How I AIHow Notion designers ship live prototypes in minutes | Brian Lovin (Product designer)
CHAPTERS
Why prototypes should “encounter reality” early (and why AI changed the speed limit)
Brian explains his philosophy for designing B2B SaaS: move from static mocks toward real usage as quickly as possible. AI coding tools let him prototype dramatically faster—often in a near-production environment—so design flaws surface earlier (loading states, responsiveness, interaction details).
Prototype Playground: a simple Next.js repo as a shared prototyping hub
Prototype Playground is described as a straightforward Next.js project where every designer/PM/engineer can create isolated prototype pages. The payoff is centralization: everyone’s work is visible and reusable, making it easy to borrow ideas and code across the team.
What the UI looks like: browsing, templates, and “Notion-y” shared styles
Brian walks through how the playground presents prototypes and how templates accelerate building familiar Notion-like layouts. Shared colors, typography, and icons help prototypes feel realistic without re-creating the design system from scratch.
How it got created and deployed: lightweight ops, real collaboration constraints
Claire asks about the operational reality: who built it, how it’s hosted, and what approvals were needed. Brian emphasizes the minimal overhead—basic Next.js + Vercel—with just enough process to make it accessible to the team.
Adoption reality: who uses it, why some don’t, and linking external prototypes
Brian is candid that he’s the heaviest user, with a smaller core group using it frequently. To include different workflows, he added support for external prototype links (e.g., other tools or personal stacks) so the hub can still be a centralized index.
Creating a new prototype without boilerplate: in-app “New” button and file-based metadata
Brian demonstrates the fastest way to start: generating a prototype folder and files automatically rather than manually creating Next.js routes. The system is intentionally backend-less: prototypes are just files on disk, committed and shared via GitHub.
Brian’s working setup: three-pane workflow + voice prompting + Plan Mode
Brian shows his personal setup: Claude Code in terminal alongside the editor and live preview, plus a voice-to-prompt tool (Monologue) to iterate faster. He stresses using Plan Mode first, then actually reading the plan to catch mistakes early.
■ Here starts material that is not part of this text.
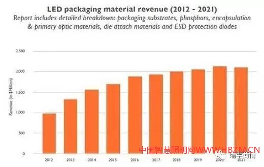 隨著通用照明市場的興起,LED封裝要求封裝材料能夠滿足應(yīng)用要求。對于封裝基底,高功率密度器件開始采用陶瓷基底,該市場預(yù)計將從2015年的6.84億美元增長至2021年的8.13億美元。受硅樹脂材料的應(yīng)用增長驅(qū)動,密封/鏡片材料也將保持增長趨勢(預(yù)計將從2015年的4億美元增長至5.26億美元),硅樹脂材料相比傳統(tǒng)的環(huán)氧樹脂材料具有更高的可靠性和更長的使用壽命。對于熒光材料市場,2017年主要的YAG(釔鋁石榴石)專利即將到期,該市場將面對大量產(chǎn)品商業(yè)化,以及價格壓力。因此,該領(lǐng)域市場預(yù)計將從2015年的3.39億美元僅增長至2021年的3.46億美元。

Teaching Claude to self-check: linting, MCP tools, and reducing human babysitting
Brian shares a core principle: when the AI asks you to do something, teach it to do that step itself. He builds habits like automatic linting, plus browser-driven verification using MCP tools (Playwright/Chrome DevTools) so Claude can validate functionality (e.g., confetti on play).
Slash commands for fast onboarding: “/create-prototype” and command definitions
To make the playground more approachable, Brian adds custom slash commands—structured prompts that can also run scripts. He shows how commands are defined (name/description/instructions/examples) and why examples dramatically improve reliability.
Figma → code pipeline with MCP: extraction, implementation, and a verification loop
Brian demonstrates a dedicated “/figma” command that orchestrates Figma MCP and browser verification. It checks prerequisites, extracts design data, implements the UI, then loops comparing the output to the Figma frame until changes stabilize—often reaching ~80% fidelity quickly.
Reducing “icon hallucinations” with Claude Skills + bundled scripts (Find Icon)
Brian explains a recurring pain: models guess icon names incorrectly. He created a “Find Icon” skill that programmatically searches a large internal icon set (thousands of files) using a script, including synonym logic (e.g., ‘search’ vs ‘magnifying glass’).
One-command deployment for non-engineers: “/deploy” to branch, PR, CI monitoring, and fixes
To lower intimidation around Git and deployment, Brian built a deploy command that checks prerequisites (GitHub CLI/auth), creates a branch, commits, opens a PR, and monitors CI until checks are green—auto-fixing and pushing updates when needed. The goal is end-to-end sharing without requiring deep Git knowledge.
How AI changes design work: when Figma is enough vs when code is required (especially for AI UX)
In lightning-round discussion, Brian explains he still spends most time in Figma—but AI experiences demand code-first prototyping. For chat/agent products, realistic model behavior (errors, delays, follow-up questions) can’t be accurately designed with static “golden path” mocks.
Tooling preferences and prompting advice: why Opus 4.5 + what to do when AI ‘isn’t listening’
Brian describes why Claude/Opus 4.5 feels best for his workflow, while still using Cursor features for quick fixes. His most pragmatic prompting advice: quality correlates with human clarity and energy—if prompts get sloppy, step away and come back rested.